Sun Junying, Wei Li, Liu Xuanyong, Li Jianyou, Li Baoe, Wang Guocheng, Meng Fanhao
Orthopedic Department, The First Affiliated Hospital of Soochow University, 188 Shizi Street, Suzhou, Jiangsu 215006, People's Republic of China.
Acta Biomater. 2009 May;5(4):1284-93. doi: 10.1016/j.actbio.2008.10.011. Epub 2008 Nov 5.
This work aims to explore the influence of the ionic products of dicalcium silicate coating on osteoblastic proliferation and differentiation, as well as on the expression of BMP2 and its signal transducers Smad1, 6 and 7 in MG-63 osteoblast-like cells. Plasma-sprayed dicalcium silicate coatings were soaked in DMEM to obtain culture media containing the ionic dissolution products of dicalcium silicate coating (Ca2SiO4-DMEM). MG63 osteoblast-like cells were cultured in Ca2SiO4-DMEM (experimental group) for 3-12 days, while those cultured in normal DMEM served as control (control group). MTT assay was used to evaluate cell viability and proliferation. Alkaline phosphatase activity (ALP), osteocalcin (OC) and type I collagen (COLI) were investigated as differentiation markers. Gene expression of BMP2 and Smad1, 6, 7 was also detected. BMP2 protein was examined by ELISA assay. Alizarin Red-S (AR-S) assay was used to detect mineralization. The results demonstrated that Si concentration in Ca2SiO4-DMEM is markedly higher than that in normal DMEM. Compared to the control group, MG63 cells of the experimental group exhibited upregulated proliferation on day 3, and markedly upregulated gene expression of the differentiation markers, especially on days 9 and 12 for OC and on days 3, 6 and 9 for ALP. Gene expression of BMP2 and Smad1, as well as BMP2 protein secreted into culture media, was also upregulated in the experimental group, while gene expression of Smad6 and 7 was not influenced. AR-S assay indicated a higher calcium mineral content deposition in cells of the experimental group. In conclusion, the ionic products of plasma-sprayed dicalcium silicate coating are beneficial to the proliferation and differentiation of MG63 osteoblast-like cells.

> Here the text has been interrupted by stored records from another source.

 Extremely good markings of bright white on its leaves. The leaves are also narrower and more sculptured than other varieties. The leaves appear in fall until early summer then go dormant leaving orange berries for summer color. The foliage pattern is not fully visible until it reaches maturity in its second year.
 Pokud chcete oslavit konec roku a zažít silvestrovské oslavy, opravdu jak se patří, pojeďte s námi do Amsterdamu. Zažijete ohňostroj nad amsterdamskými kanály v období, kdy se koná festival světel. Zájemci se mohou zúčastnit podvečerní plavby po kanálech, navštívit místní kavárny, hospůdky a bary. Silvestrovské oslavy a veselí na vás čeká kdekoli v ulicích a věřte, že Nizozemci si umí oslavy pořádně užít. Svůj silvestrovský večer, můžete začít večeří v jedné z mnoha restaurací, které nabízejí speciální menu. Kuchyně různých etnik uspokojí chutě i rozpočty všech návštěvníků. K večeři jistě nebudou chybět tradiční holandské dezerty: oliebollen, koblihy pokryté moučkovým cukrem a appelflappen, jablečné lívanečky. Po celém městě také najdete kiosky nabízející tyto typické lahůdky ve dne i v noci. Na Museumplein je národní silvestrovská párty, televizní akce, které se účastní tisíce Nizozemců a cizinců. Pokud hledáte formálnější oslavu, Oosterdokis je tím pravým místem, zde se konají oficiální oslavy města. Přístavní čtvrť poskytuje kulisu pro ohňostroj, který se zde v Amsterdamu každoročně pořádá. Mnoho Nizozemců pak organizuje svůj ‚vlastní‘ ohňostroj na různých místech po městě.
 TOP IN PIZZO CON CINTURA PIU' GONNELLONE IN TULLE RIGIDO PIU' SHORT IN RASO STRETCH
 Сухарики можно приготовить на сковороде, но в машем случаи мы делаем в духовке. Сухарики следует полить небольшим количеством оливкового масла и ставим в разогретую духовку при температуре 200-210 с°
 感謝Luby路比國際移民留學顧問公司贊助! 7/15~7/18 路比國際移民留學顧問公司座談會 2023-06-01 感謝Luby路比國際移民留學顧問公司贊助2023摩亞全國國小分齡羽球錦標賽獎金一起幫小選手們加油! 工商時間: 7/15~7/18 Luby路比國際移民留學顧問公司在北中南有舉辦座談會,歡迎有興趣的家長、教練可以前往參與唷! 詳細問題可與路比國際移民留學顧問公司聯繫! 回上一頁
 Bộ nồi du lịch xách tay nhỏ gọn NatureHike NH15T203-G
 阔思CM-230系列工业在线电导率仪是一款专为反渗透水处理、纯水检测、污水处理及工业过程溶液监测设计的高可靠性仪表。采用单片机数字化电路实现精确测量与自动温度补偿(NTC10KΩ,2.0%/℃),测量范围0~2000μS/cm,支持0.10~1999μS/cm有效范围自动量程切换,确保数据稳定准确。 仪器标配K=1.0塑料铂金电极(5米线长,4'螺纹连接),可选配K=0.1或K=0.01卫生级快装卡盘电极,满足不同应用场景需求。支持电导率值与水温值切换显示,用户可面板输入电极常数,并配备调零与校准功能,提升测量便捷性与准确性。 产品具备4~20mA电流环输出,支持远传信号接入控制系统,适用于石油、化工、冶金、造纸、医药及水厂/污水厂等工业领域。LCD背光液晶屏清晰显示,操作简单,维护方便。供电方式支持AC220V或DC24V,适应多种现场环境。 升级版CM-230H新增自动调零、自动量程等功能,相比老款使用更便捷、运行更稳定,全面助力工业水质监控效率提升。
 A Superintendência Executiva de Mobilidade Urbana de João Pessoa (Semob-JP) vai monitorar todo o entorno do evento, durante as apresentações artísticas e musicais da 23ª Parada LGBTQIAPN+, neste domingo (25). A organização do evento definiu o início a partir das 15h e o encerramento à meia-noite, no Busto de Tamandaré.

本研究旨在探讨硅酸二钙涂层的离子产物对成骨细胞增殖与分化的影响,以及对MG-63成骨样细胞中骨形态发生蛋白2(BMP2)及其信号转导分子Smad1、6和7表达的影响。将等离子喷涂的硅酸二钙涂层浸泡于DMEM中,以获得含有硅酸二钙涂层离子溶解产物的培养基(Ca2SiO4-DMEM)。将MG63成骨样细胞在Ca2SiO4-DMEM中培养3至12天(实验组),而在正常DMEM中培养的细胞作为对照(对照组)。采用MTT法评估细胞活力和增殖情况。检测碱性磷酸酶活性(ALP)、骨钙素(OC)和I型胶原蛋白(COLI)作为分化标志物。同时检测BMP2和Smad1、6、7的基因表达。通过ELISA法检测BMP2蛋白。采用茜素红S(AR-S)法检测矿化情况。结果表明,Ca2SiO4-DMEM中的硅浓度显著高于正常DMEM。与对照组相比,实验组的MG63细胞在第3天增殖上调,分化标志物的基因表达明显上调,尤其是OC在第9天和第12天,ALP在第3天、第6天和第9天。实验组中BMP2和Smad1的基因表达以及分泌到培养基中的BMP2蛋白也上调,而Smad6和7的基因表达未受影响。AR-S法显示实验组细胞中钙矿物质含量沉积更高。总之,等离子喷涂硅酸二钙涂层的离子产物有利于MG63成骨样细胞的增殖与分化。